The needs of your organization will likely affect the way you manage your UBbox account and how you set up the folder taxonomy that is deployed to your team.

UBbox folders are the foundation from which your users work. Defining a folder taxonomy that is intuitive and easy to navigate will greatly increase adoption and maximize productivity.

On this page:

Decide Who Handles What Tasks

Here are some questions to consider before designing your Box folder structure:

  • Who moves, owns, and maintains the content?
  • What root level folders make sense? This is typically based on the departments or groups using UBbox.
  • Does your organization prefer to give users the ability to create and manage their own top-level folders? Or does your organization prefer to own (and control) all root level folders? 
  • Do your Admins and co-admins need full access to users' content?
  • Are different levels of access needed for users, or are groups appropriate?
  • Are there any particular security needs around any of your content?

Choosing Folder Structure

Open Folder Taxonomy:

Users can create their own root level folders on the "All Files" page. By default, a user can provision collaborators and freely share files from the folders they own. This option requires less involvement from your administrators.

Closed Folder Taxonomy:

Admins create and own all root level folders on the "All Files" page. Admins also restrict users from being able to create root level folders or private folders, and users need to be invited into folders by Admins.

Folder Structure Best Practices

1. More restricted content should live at a higher folder level.

Invite other collaborators and external users further down the folder structure.
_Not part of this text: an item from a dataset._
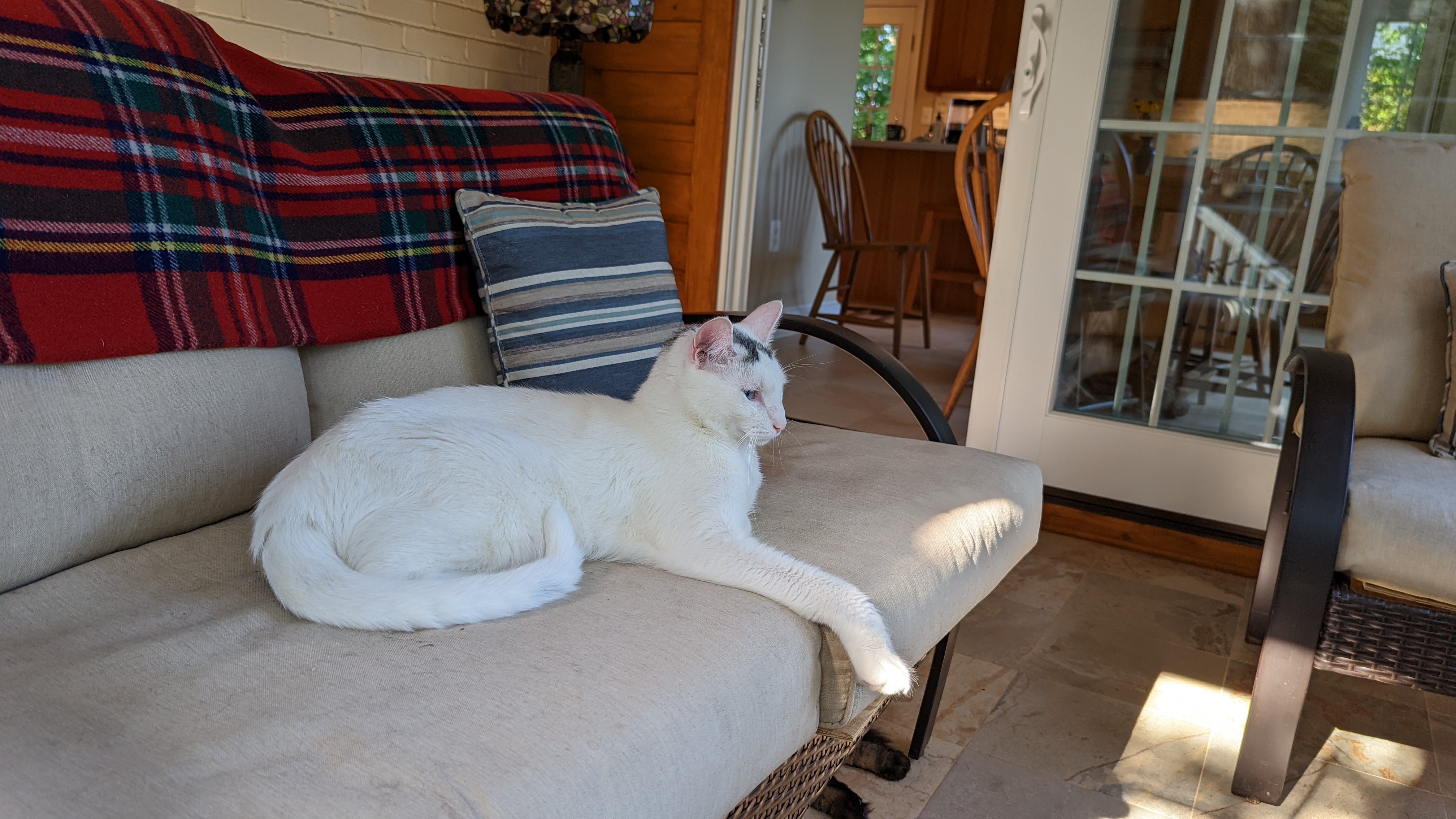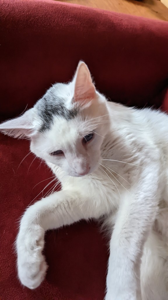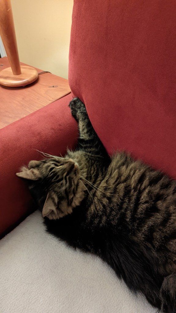 I’m finding new places to rest. While I still prefer to hang out under the bed, the humans have a comfortable chair in their bedroom and a nice firm love seat in the room with all the windows.

Because of waterfall permissions, a user's access only flows down to subfolders. Sensitive, confidential content should be in a folder towards the top of your structure that will remain more private.
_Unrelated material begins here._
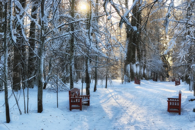 Деревянные скамейки в зимний период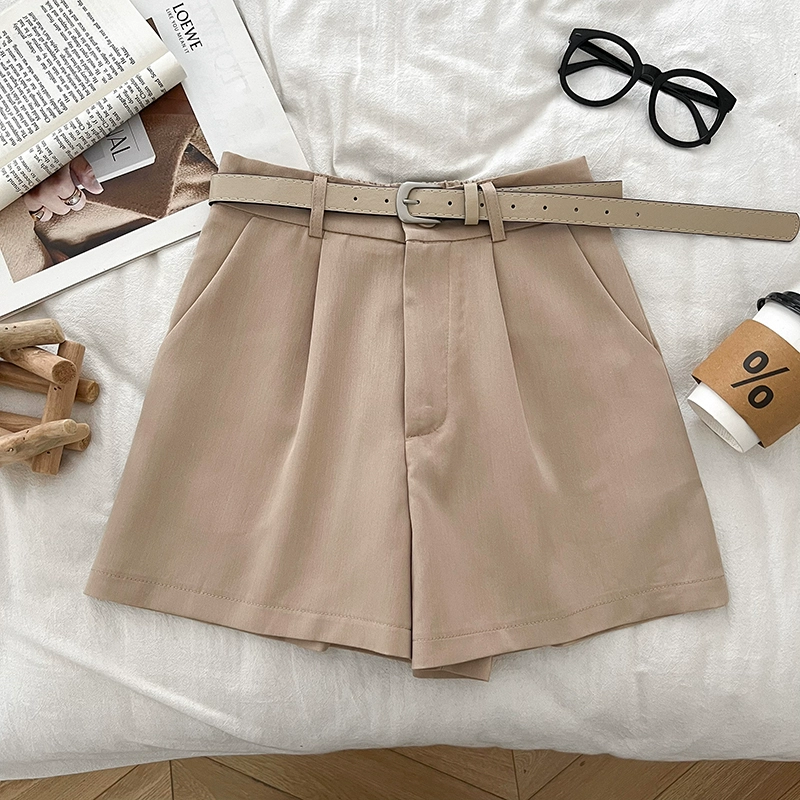 High-waisted fashionable suit shorts for petites with belt

2. Ensure naming conventions of folder and files are extremely clear.

Users will be invited in at different folder levels, and that level will appear as their "root folder." Clear, consistent naming conventions will help the user stay oriented in the folder structure and will help with searching for content. For example, being invited to a folder titled "Sales - Corporate Team" is more explanative than the title "Corporate" 

3. Keep the structure as flat as possible.
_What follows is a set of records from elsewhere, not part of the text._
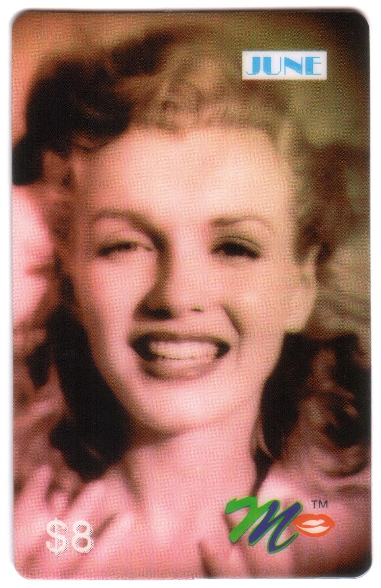 This collectible phone card features a black-and-white close-up photograph of Marilyn Monroe's face. The image captures Marilyn's distinctive beauty with clear detail, focusing on her eyes, nose, and lips. The lighting highlights the contours of her face, emphasizing her iconic look with soft shadows.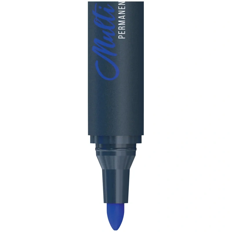 Перманентный маркер на спиртовой основе. Предназначен для письма на большинстве поверхностей: бумаге, коже, пластмассе, металле, резине, ткани. Устойчив к стиранию, воде, свету, температурным и атмосферным воздействиям. Толщина линии 3мм. Цвет синий. Упаковка - картонная коробка 12 штук.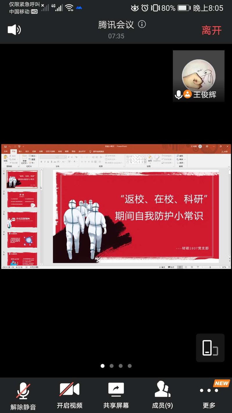 硕士1807党支部组织“战疫期间不停研,提高意识是关键”线上党日活动,支部全体成员参加此次活动。

Avoid designing more than six levels of folders within your structure. A flat folder structure is more efficient for organizing your content, and less frustrating for your users to navigate through.

4. Every user's "All Files" page will look different depending on the folders they've created and/or the folders they've been invited into.

Reduce the number of folders on the "All Files" page by inviting users into department or team folders. Or, make your users aware of the Favorites page so your users can "favorite" the folders they most often work within, to easily navigate to those folders.

5. Create separate folders for external collaboration.

These can be subfolders under a client folder, or they can be separate root level folders depending on the needs of your organization. Label all public/external folders appropriately so your users understand that content in those folders will be viewed by third parties.